— Exercise —
Take the material below and extract the lines from the one with "El montaje del" through the one with "节气门也是要连同一并的拆下的", word for word, without pictures.

— Source information —
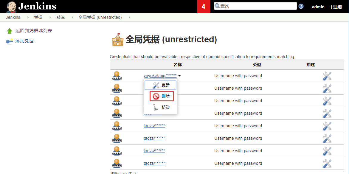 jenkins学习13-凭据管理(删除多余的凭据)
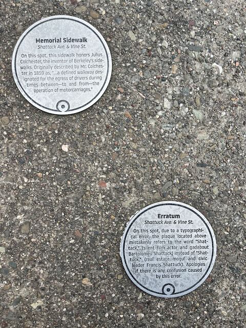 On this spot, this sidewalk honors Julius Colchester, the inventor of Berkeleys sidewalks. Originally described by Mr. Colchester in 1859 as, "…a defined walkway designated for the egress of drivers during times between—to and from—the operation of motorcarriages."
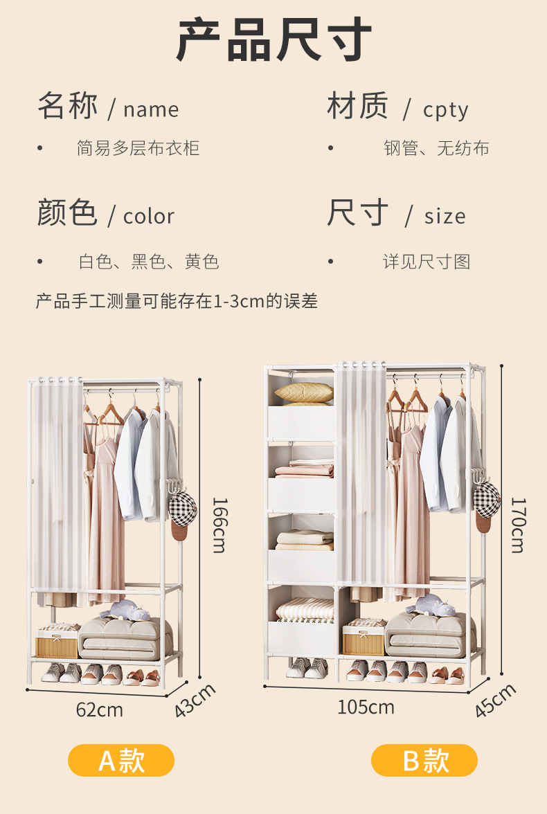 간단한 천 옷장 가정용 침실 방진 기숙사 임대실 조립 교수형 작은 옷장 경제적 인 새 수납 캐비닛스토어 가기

==

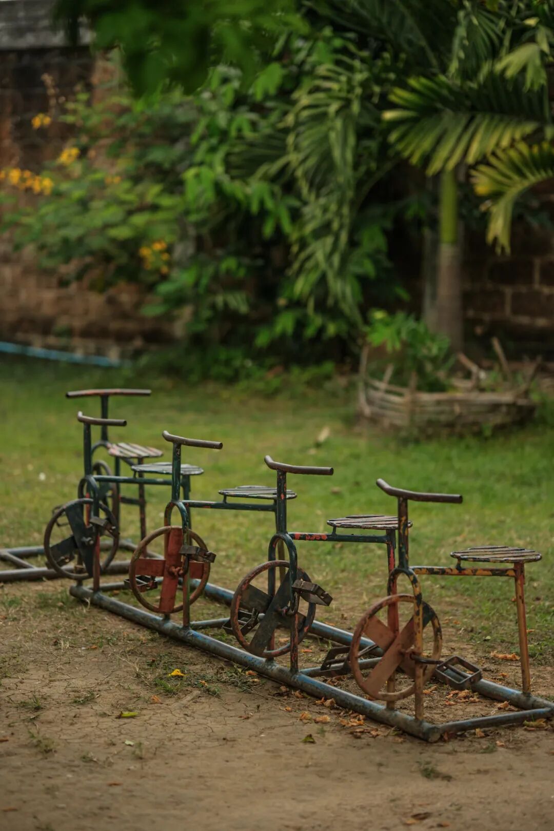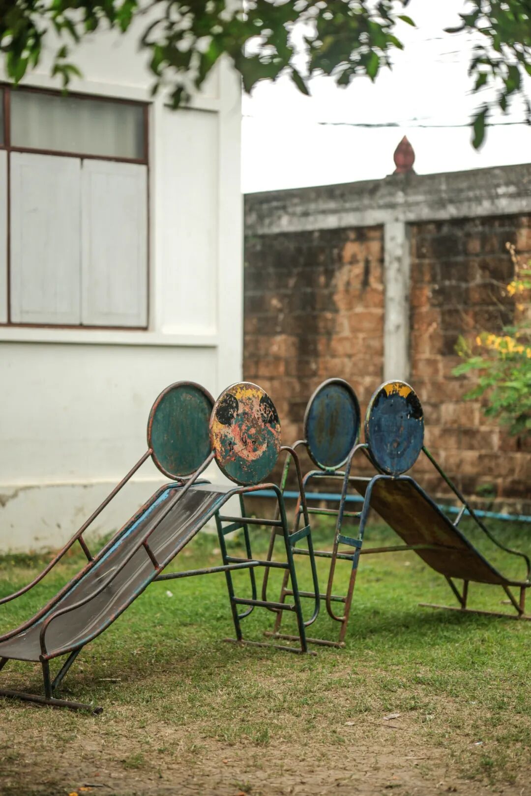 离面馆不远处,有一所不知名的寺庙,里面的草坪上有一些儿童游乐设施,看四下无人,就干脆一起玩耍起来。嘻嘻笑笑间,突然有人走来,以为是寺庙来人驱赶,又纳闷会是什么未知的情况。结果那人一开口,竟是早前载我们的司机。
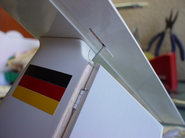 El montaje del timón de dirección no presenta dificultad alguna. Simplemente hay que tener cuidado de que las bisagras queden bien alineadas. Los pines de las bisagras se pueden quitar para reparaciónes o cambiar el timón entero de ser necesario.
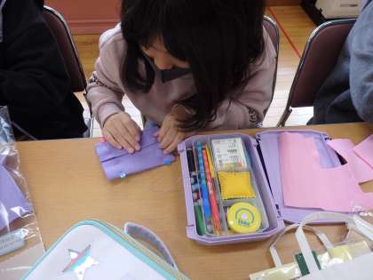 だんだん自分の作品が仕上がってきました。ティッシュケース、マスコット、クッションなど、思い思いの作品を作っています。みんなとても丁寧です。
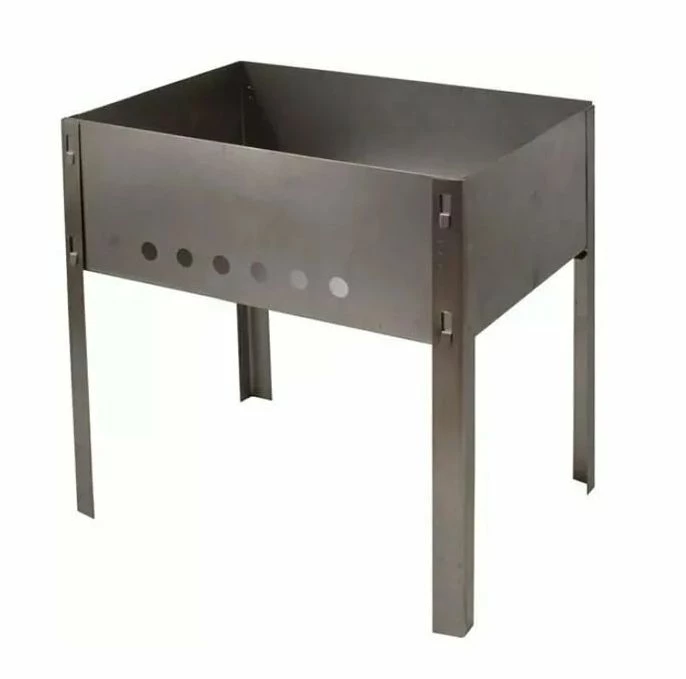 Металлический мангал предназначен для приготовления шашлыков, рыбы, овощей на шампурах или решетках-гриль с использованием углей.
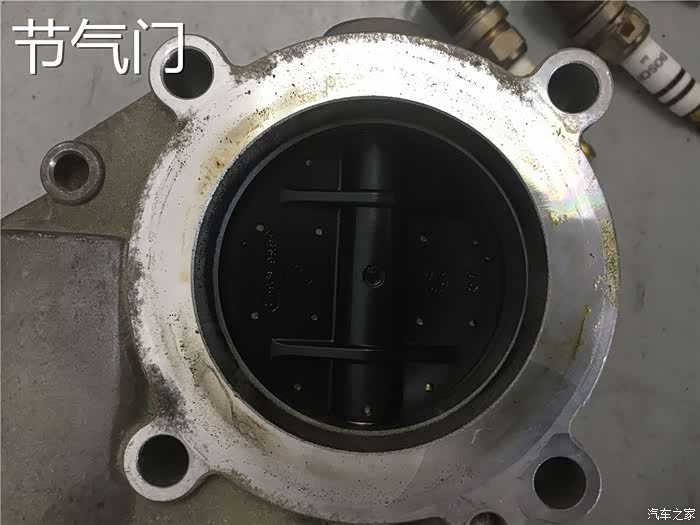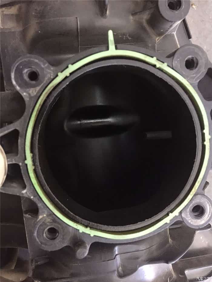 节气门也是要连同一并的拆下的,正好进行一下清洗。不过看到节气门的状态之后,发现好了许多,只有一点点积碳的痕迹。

— Response area —
 El montaje del timón de dirección no presenta dificultad alguna. Simplemente hay que tener cuidado de que las bisagras queden bien alineadas. Los pines de las bisagras se pueden quitar para reparaciónes o cambiar el timón entero de ser necesario.
 だんだん自分の作品が仕上がってきました。ティッシュケース、マスコット、クッションなど、思い思いの作品を作っています。みんなとても丁寧です。
 Металлический мангал предназначен для приготовления шашлыков, рыбы, овощей на шампурах или решетках-гриль с использованием углей.
 节气门也是要连同一并的拆下的,正好进行一下清洗。不过看到节气门的状态之后,发现好了许多,只有一点点积碳的痕迹。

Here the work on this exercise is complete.